### SOURCE MATERIAL
────────────────────
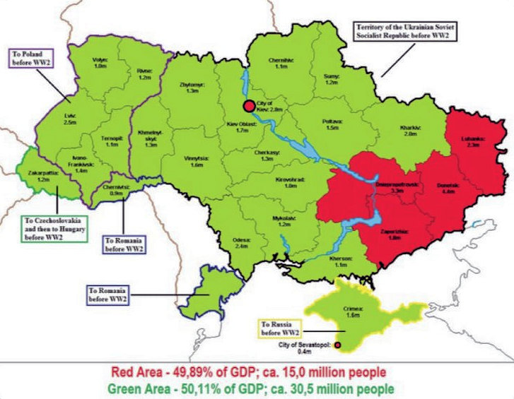 Der rote Bereich, also der Donbass und angrenzende Regionen machen rund 50% des BIP der Ukraine aus. Nimmt man noch Kherson, Mykolaiv, Odessa, Kharkiv dazu, entspricht das 75% des BIP. Die Ukraine wäre so nicht lebensfähig.
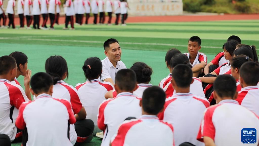 貴州省望謨縣實(shí)驗(yàn)高中黨總支副書記、副校長劉秀祥在新生軍訓(xùn)間隙,和學(xué)生們聊天(2022年8月26日攝)。新華社記者 周宣妮 攝
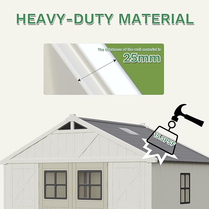 - Heavy-Duty Blow-Molded HDPE Construction – Built with durable blow-molded HDPE plastic, this shed offers exceptional strength and has a roof load capacity of 75kg/m², perfect for heavy storage needs.
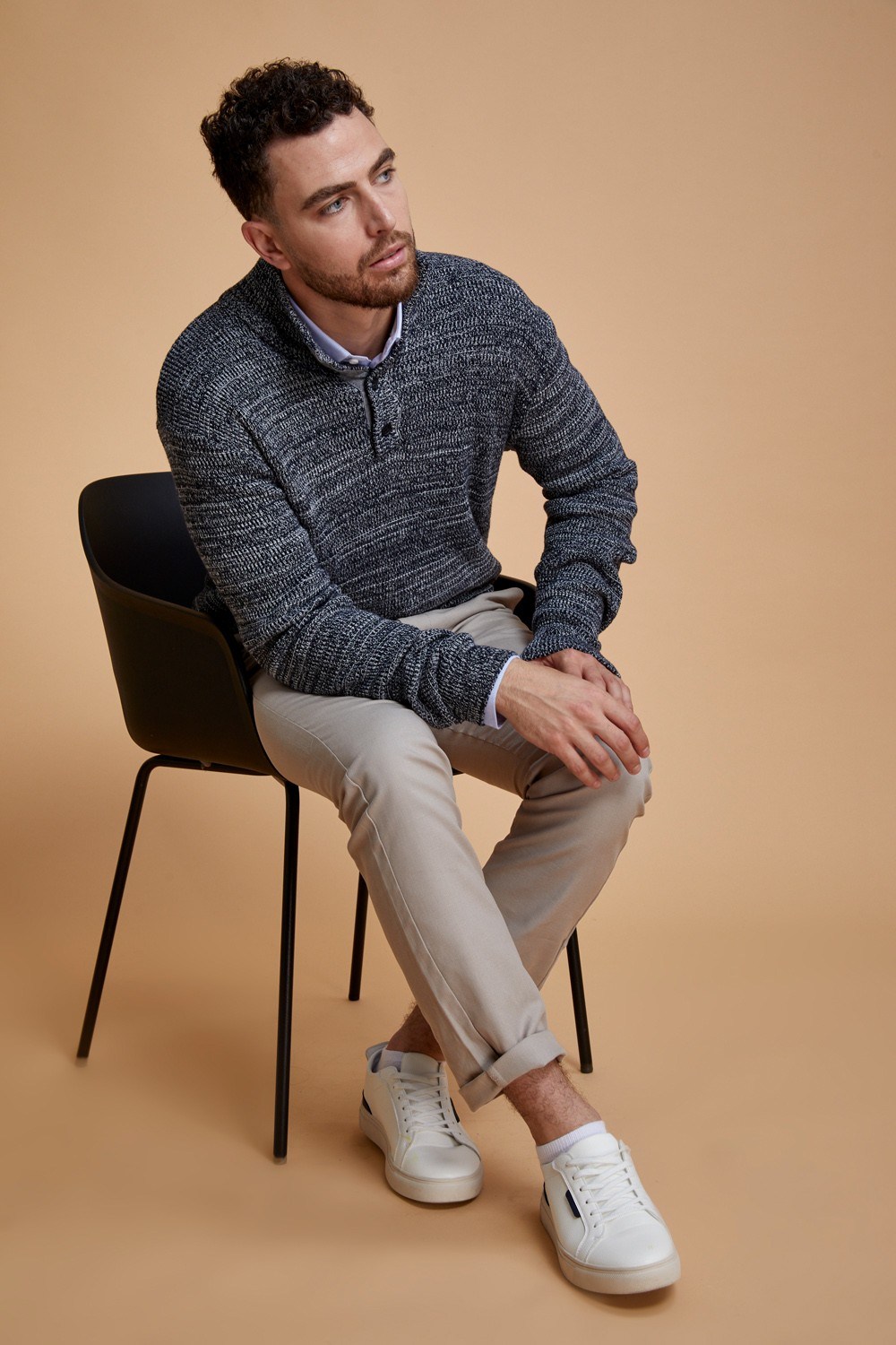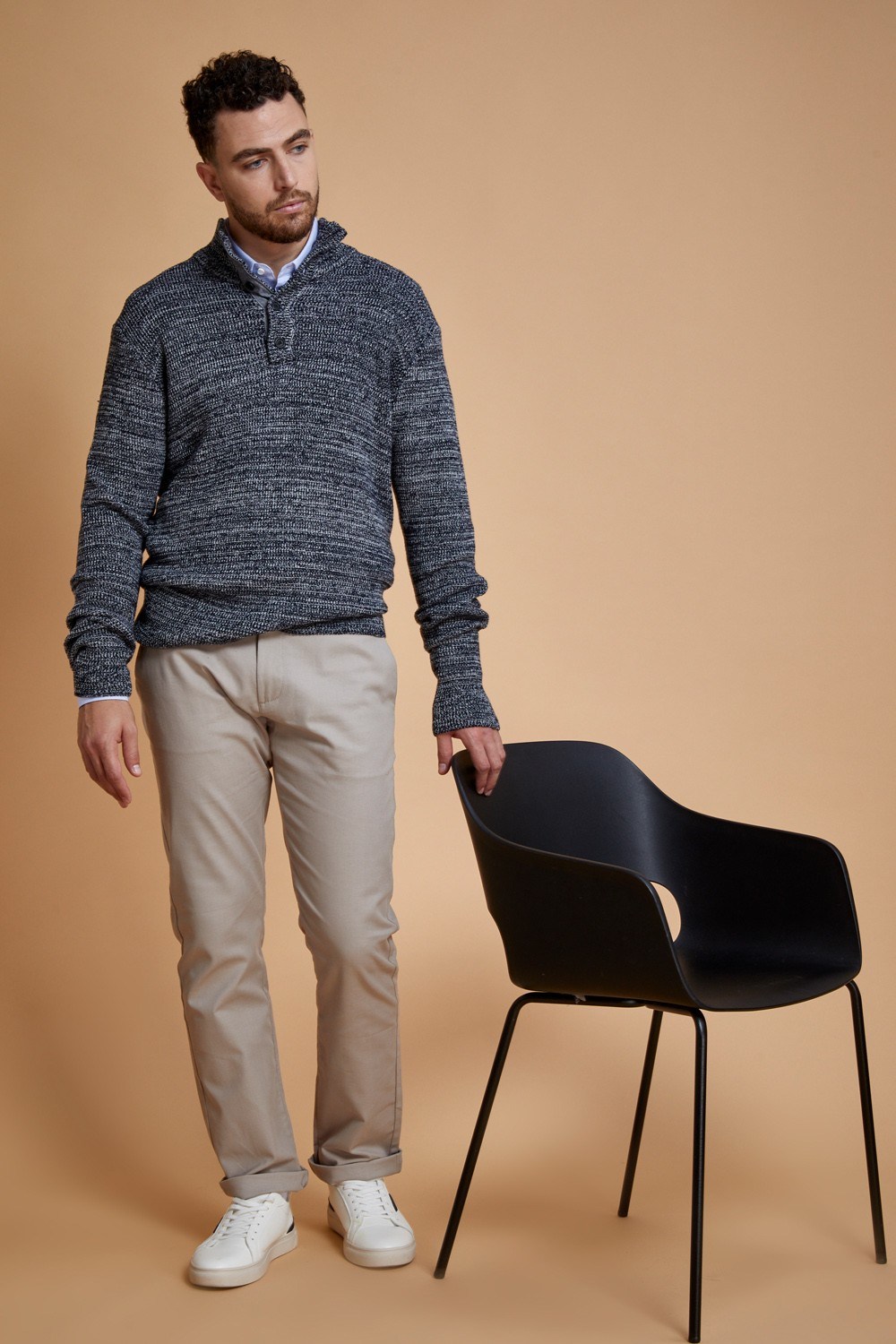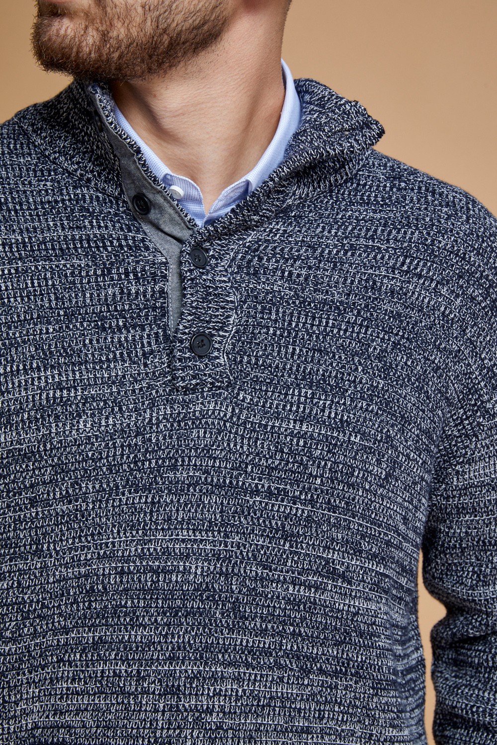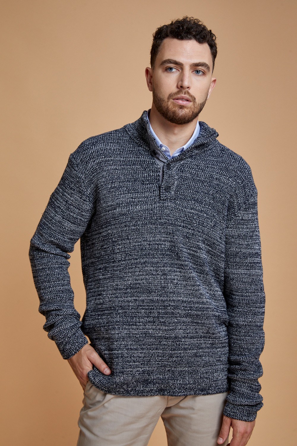 סוודר עבה צווארון גבוה עם כפתרה
────────────────────
### ACTIVITY
Find the line that contains "- Heavy-Duty Blow-Molded" and repeat it, along with every line after it to the end of the data, exactly; drop the pictures.

### TASK OUTPUT
 - Heavy-Duty Blow-Molded HDPE Construction – Built with durable blow-molded HDPE plastic, this shed offers exceptional strength and has a roof load capacity of 75kg/m², perfect for heavy storage needs.
 סוודר עבה צווארון גבוה עם כפתרה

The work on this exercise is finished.